■ What to work on: Leave out the pictures, and retype the remaining data exactly.

■ Dataset extract:
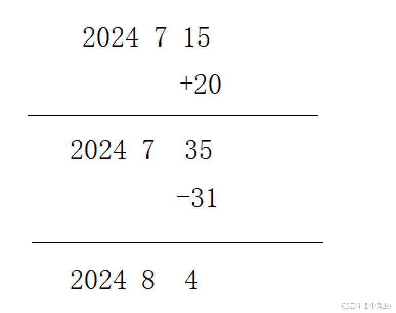 思路:天数先减,如果小于0,节上个月的天数,在加上,月份减一,如果月份为0,年减一,月份置为12。
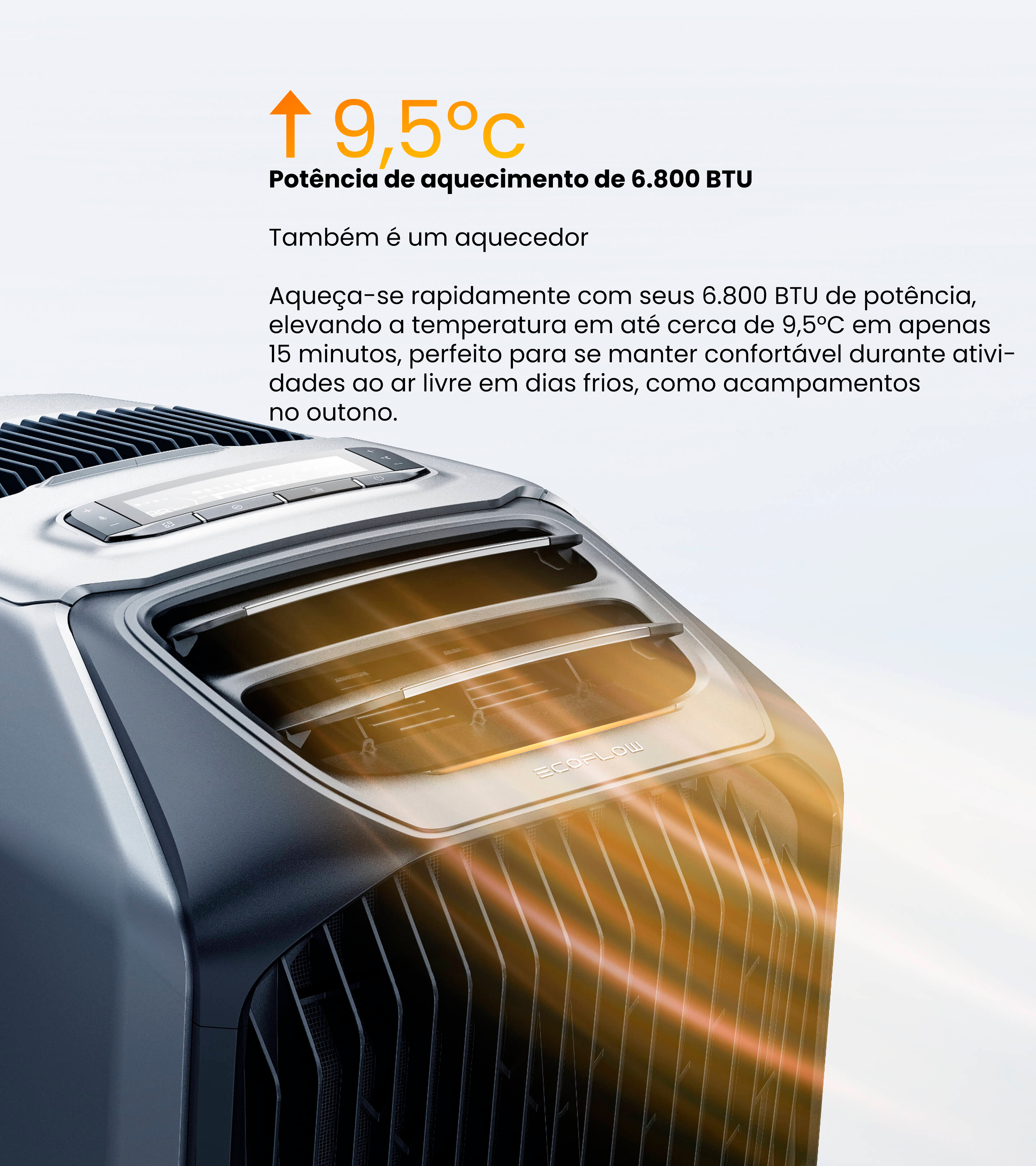 Aquecimento de 6800 BTU (~ 2000W), para aquecer ambientes frios com agilidade.
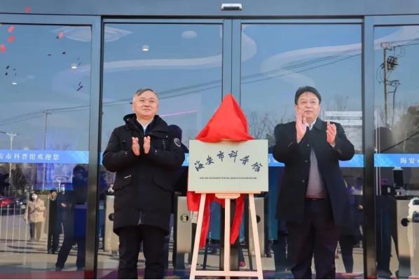 ▲海安市委書記于立忠、市委副書記張浩為海安市科普館揭牌
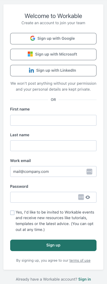 Before logging into your account, a Workable Admin member will probably trigger an invitation email that grants you access to Workable. Follow these steps to sign up for the first time:
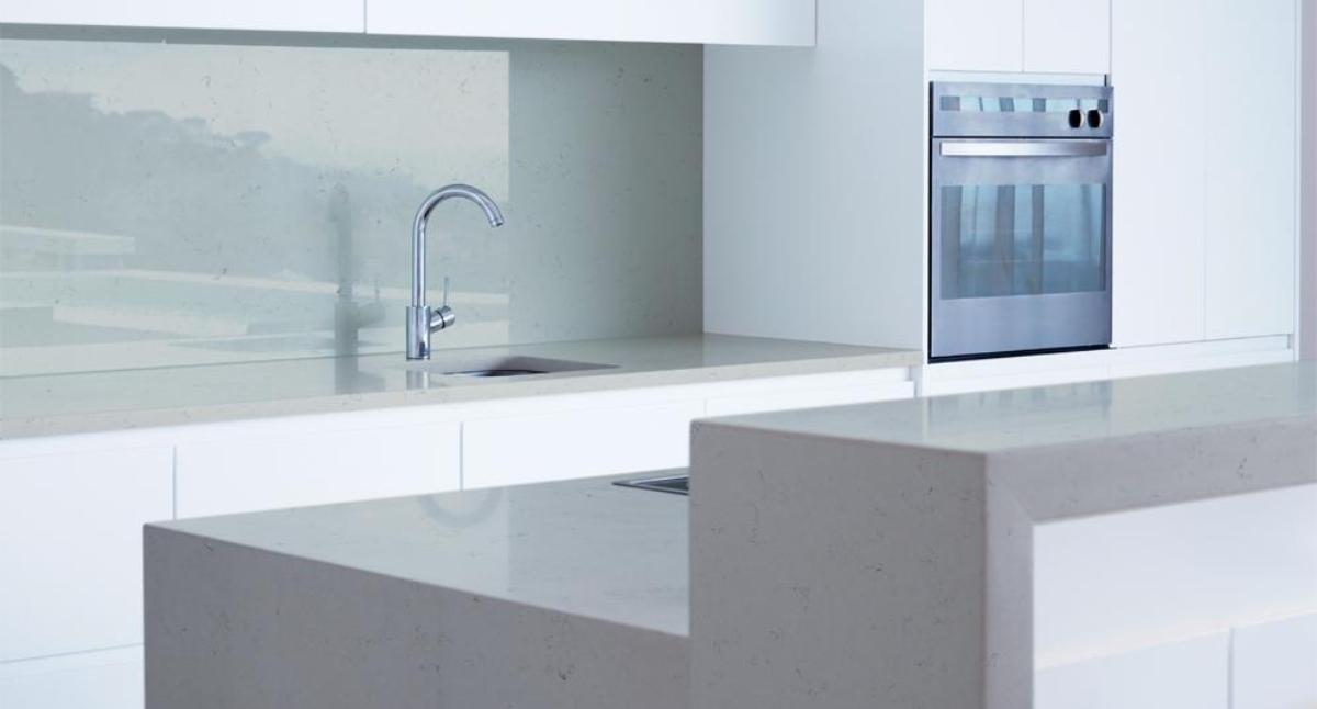 Кварцевый агломерат Coante Hielo содержит 93% натурального кварца, обеспечивая высокую прочностью и устойчивостью к механическим повреждениям, не подвержен сколам и трещинам, что делает идеальным выбором для кухонных столешниц и других высоконагруженных поверхностей.
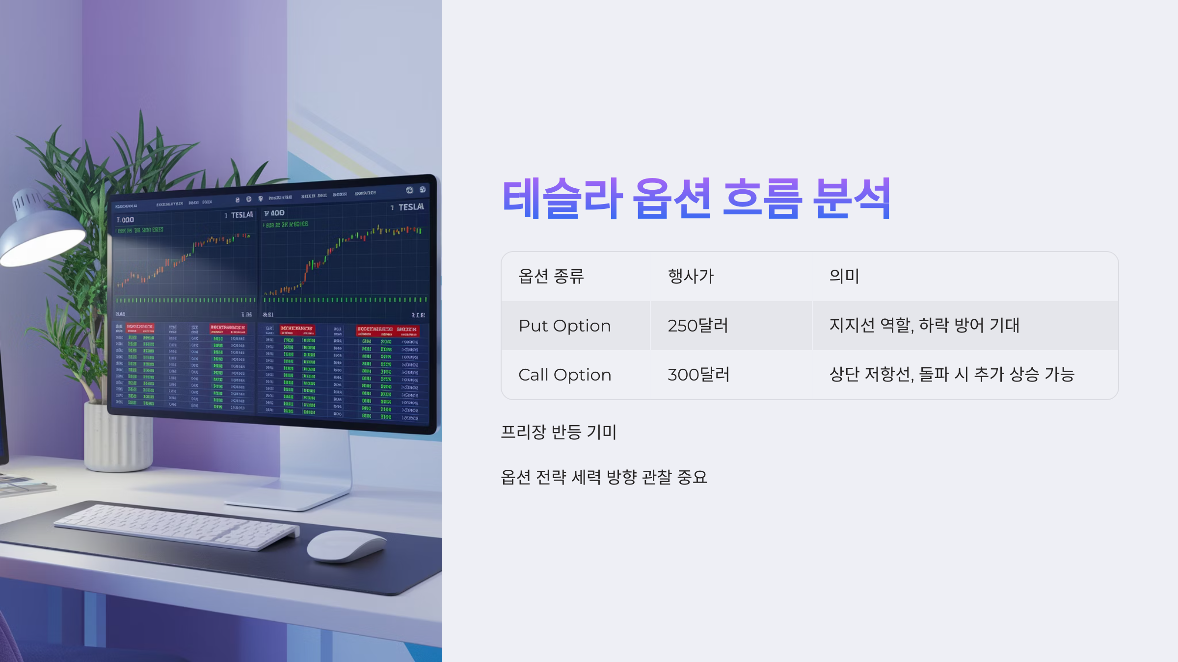 | Put Option | 250달러 | 지지선 역할, 하락 방어 기대 |
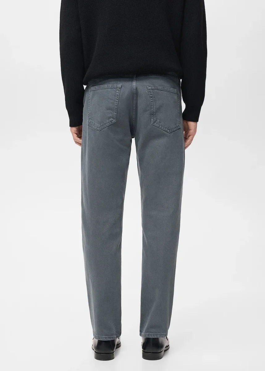 Zúžený střih: široký střih v horní části, který se zužuje od kolen k kotníkům. Krátký střih. Bavlněná džínovina. Poutka na pásek. Zapínání na knoflík a zip. Kapsa na mince ve výšce boků. Dvě boční kapsy. Dvě našité kapsy vzadu.
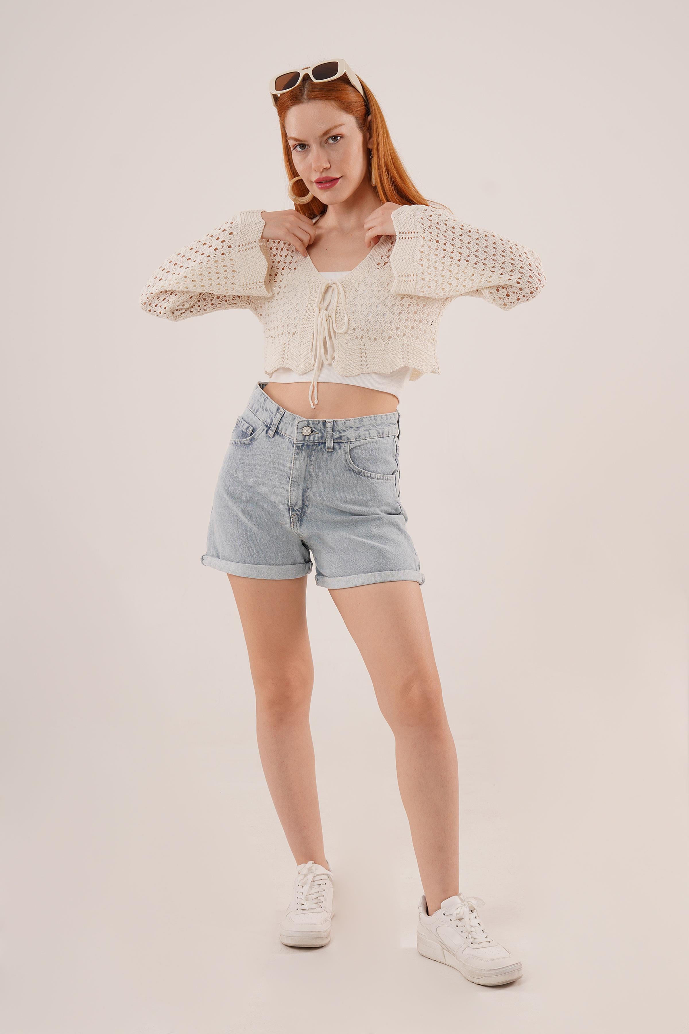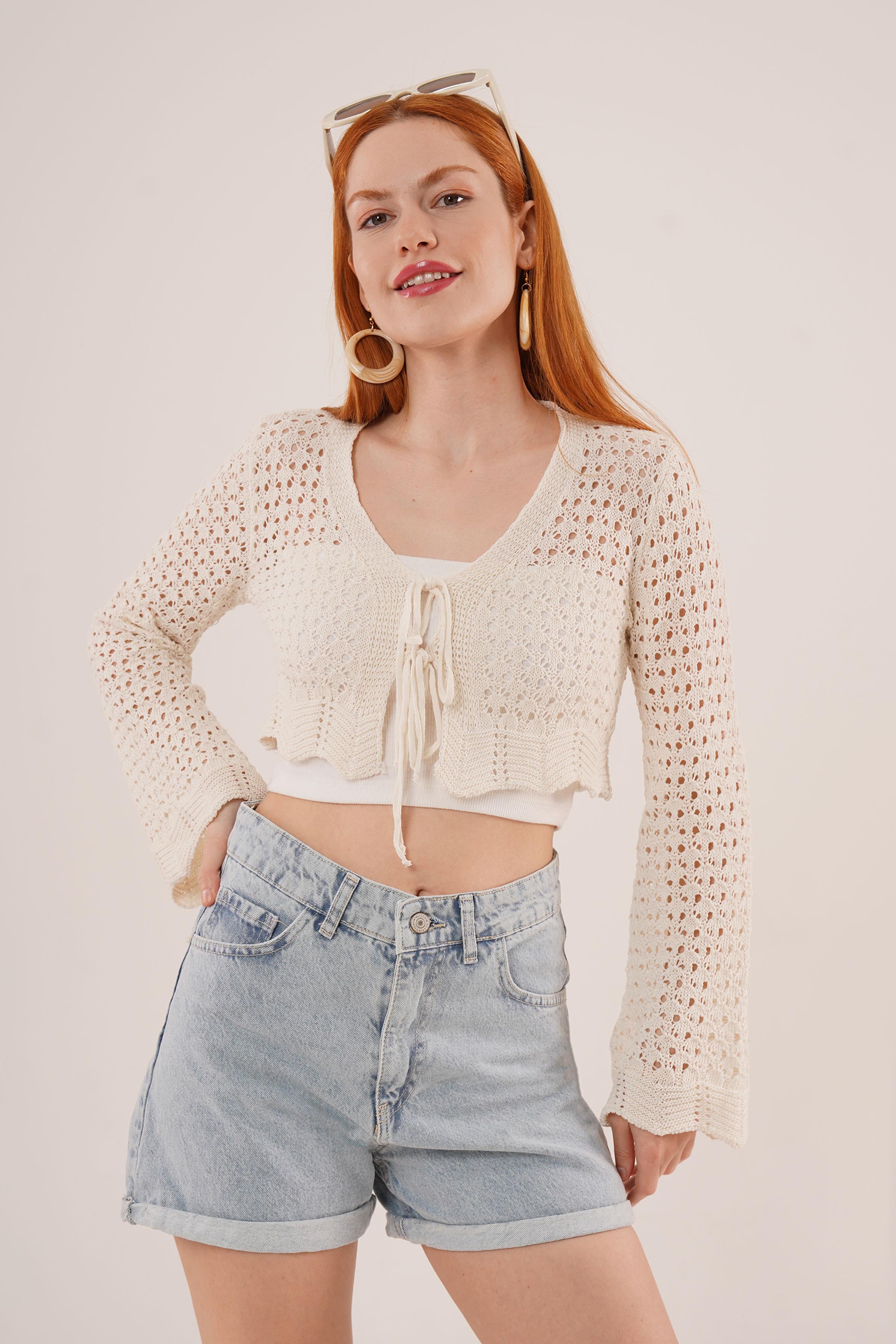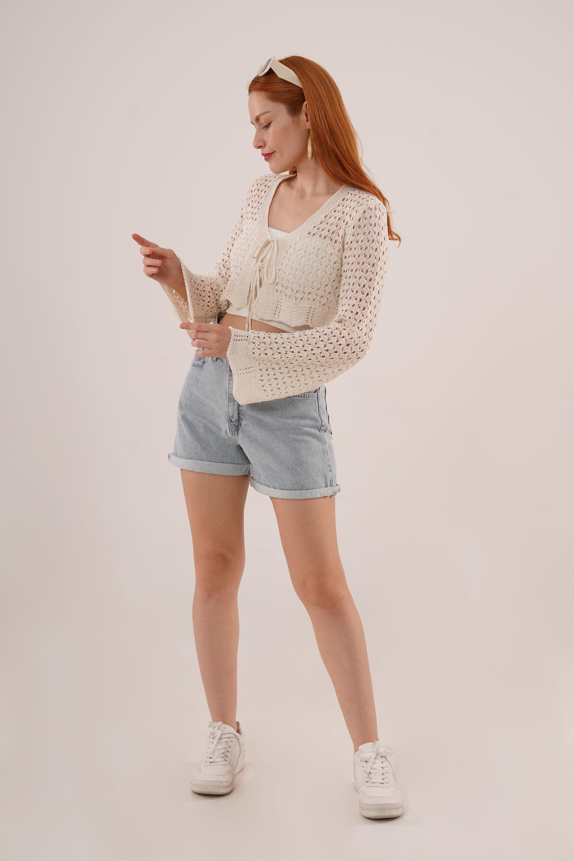Ön Bağlamalı Ajurlu Crop Toptan Krem Hırka

■ Task response:
 思路:天数先减,如果小于0,节上个月的天数,在加上,月份减一,如果月份为0,年减一,月份置为12。
 Aquecimento de 6800 BTU (~ 2000W), para aquecer ambientes frios com agilidade.
 ▲海安市委書記于立忠、市委副書記張浩為海安市科普館揭牌
 Before logging into your account, a Workable Admin member will probably trigger an invitation email that grants you access to Workable. Follow these steps to sign up for the first time:
 Кварцевый агломерат Coante Hielo содержит 93% натурального кварца, обеспечивая высокую прочностью и устойчивостью к механическим повреждениям, не подвержен сколам и трещинам, что делает идеальным выбором для кухонных столешниц и других высоконагруженных поверхностей.
 | Put Option | 250달러 | 지지선 역할, 하락 방어 기대 |
 Zúžený střih: široký střih v horní části, který se zužuje od kolen k kotníkům. Krátký střih. Bavlněná džínovina. Poutka na pásek. Zapínání na knoflík a zip. Kapsa na mince ve výšce boků. Dvě boční kapsy. Dvě našité kapsy vzadu.
Ön Bağlamalı Ajurlu Crop Toptan Krem Hırka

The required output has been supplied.